Categorical predictors are currently converted to their numeric equivalents, not made into indicator variables. This feature is pending.

Like the randomForest package, the splitting criterion for regression is mean squared error, and gini impurity for binary classification.
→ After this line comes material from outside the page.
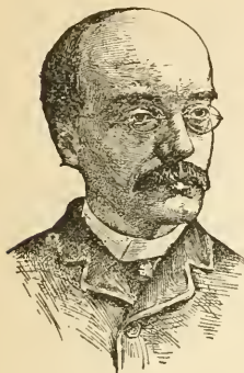
JOHN BACH MCMASTER.

H ISTORY OF THE PEOPLE OF THE UNITED STATES, from the Revolution to the Civil War. By JOHN BACH MCMASTER. To be completed in five volumes. Vols. I, II, and III now ready. 8vo, cloth, gilt top, $2.50 each.

- Minimizing gini impurity in binary classification is equivalent to minimizing mean squared error. For example, taking \(Y\in\{0,1\}\), it can be shown that MSE = \(\frac{1}{2}\) Gini impurity.

In a foundational paper, Breiman (2001) showed that the variance of a random forest’s predictions is determined by two factors: the variance of each tree in the forest, and the correlation between trees. Intuitively, having trees that are certain about their predictions and less correlated with each other means the forest is reasonably certain .

One of the parameters driving correlation between individual trees is how many features they share - the higher the proportion of features each tree is allowed to see, the higher the probability that different trees have features in common. However, this parameter also affects the variance of an individual tree, as the less features a tree is allowed to see, the more uncertain its predictions.